Si chaque décision concernant un risque nécessite l’intervention du HSE, si les actions n’avancent qu’après ses relances ou si les managers attendent systématiquement son validation, l’organisation reste dépendante d’une personne ou d’une fonction.
Le rôle du HSE pourrait donc être envisagé autrement.
Non pas comme celui qui porte la prévention, mais comme celui qui aide l’entreprise à construire les conditions permettant à chacun d’en porter sa part.
Cela ne diminue en rien la valeur de son expertise. Au contraire, cela lui permet de la concentrer là où elle apporte réellement quelque chose : les risques complexes, les situations nouvelles, les décisions critiques, l’analyse des signaux faibles, la conception des systèmes de prévention ou encore le questionnement des choix de l’organisation.
Le HSE devient alors moins le gestionnaire quotidien de tous les sujets de sécurité et davantage l’architecte, le facilitateur et le contradicteur du système de prévention.

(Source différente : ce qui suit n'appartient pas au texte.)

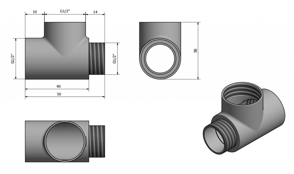 T-kus je určen pro připojení topné tyče do otopného tělesa v kombinaci se systémem ústředního vytápění.

Il ne cherche plus seulement à résoudre les problèmes. Il cherche à construire une organisation capable de les détecter, de les discuter et, lorsque cela relève de ses compétences, de les résoudre elle-même.

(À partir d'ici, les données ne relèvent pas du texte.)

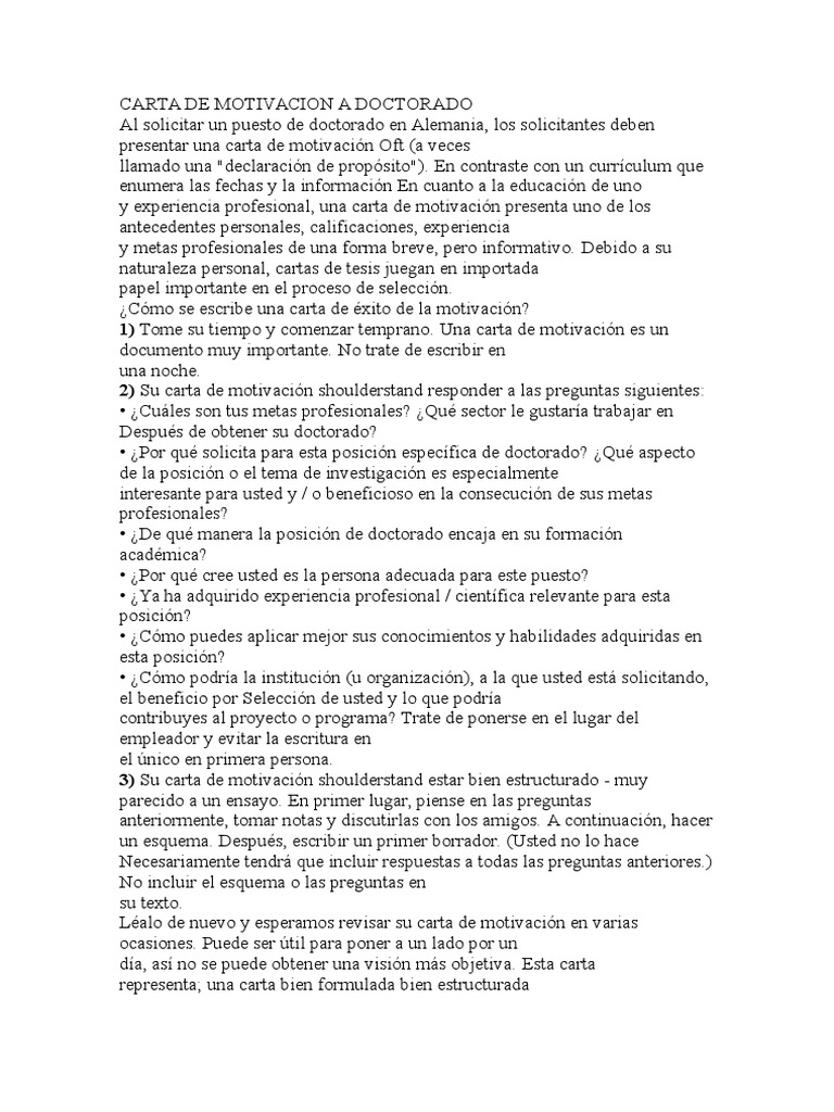 En el caso de tu interés por carta motivacion doctorado ejemplo te mostramos lo más cercano que puede ser de tu interés en nuestro de catálogo de becas. Como se dijo antes existen muchos ejemplos de cartas de motivación que varían según su finalidad y aunque exploraremos estas formas más adelante es importante conocer cuáles son los puntos básicos de cualquier redacción cuyo fin sea precisamente determinar la selección de un candidato. Tu carta de motivación para el doctorado podrá tener fines académicos pero eso no significa que no deba de respetar las reglas de una carta tradicional. Me dirijo a ustedes mediante la presente carta con objeto de explicar la motivación que me mueve para haber sido unos de los candidatos que ha solicitado la beca erasmus europea de este año 2018.

Cela conduit finalement à renverser une idée profondément ancrée :
Le meilleur responsable HSE n’est peut-être pas celui dont l’entreprise ne peut plus se passer.
C’est peut-être celui qui a suffisamment diffusé la prévention dans les décisions, les pratiques et le management pour que l’entreprise continue à faire de la sécurité même lorsqu’il n’est pas là.
La fonction HSE reste nécessaire.
Mais la prévention, elle, ne devrait jamais dépendre uniquement d’elle.
Questions fréquentes sur le rôle du responsable HSE
Quel est le rôle du responsable HSE dans l’entreprise ?
Le responsable HSE apporte son expertise en matière de prévention des risques, accompagne les managers et les équipes, structure les démarches de prévention et contribue au respect des exigences réglementaires. Son rôle ne consiste toutefois pas à porter seul la sécurité : la prévention reste une responsabilité partagée au sein de l’organisation, notamment par le management et les acteurs opérationnels.
Le responsable HSE est-il responsable de la sécurité dans l’entreprise ?
La présence d’un responsable HSE ne transfère pas à celui-ci la responsabilité générale de l’employeur en matière de santé et de sécurité au travail. Le HSE conseille, accompagne, alerte et apporte son expertise, mais la fonction HSE ne se substitue pas aux responsabilités de l’employeur ni à celles exercées par la ligne managériale dans l’organisation du travail.
Comment éviter que l’entreprise devienne dépendante de son responsable HSE ?
L’objectif n’est pas de réduire l’intervention du HSE, mais de déterminer où son expertise apporte réellement de la valeur. Les managers et les équipes doivent progressivement développer leur capacité à identifier les risques, traiter les écarts et intégrer la prévention dans leurs décisions. Le HSE peut alors davantage faire avec, accompagner et challenger, plutôt que systématiquement faire à la place des autres.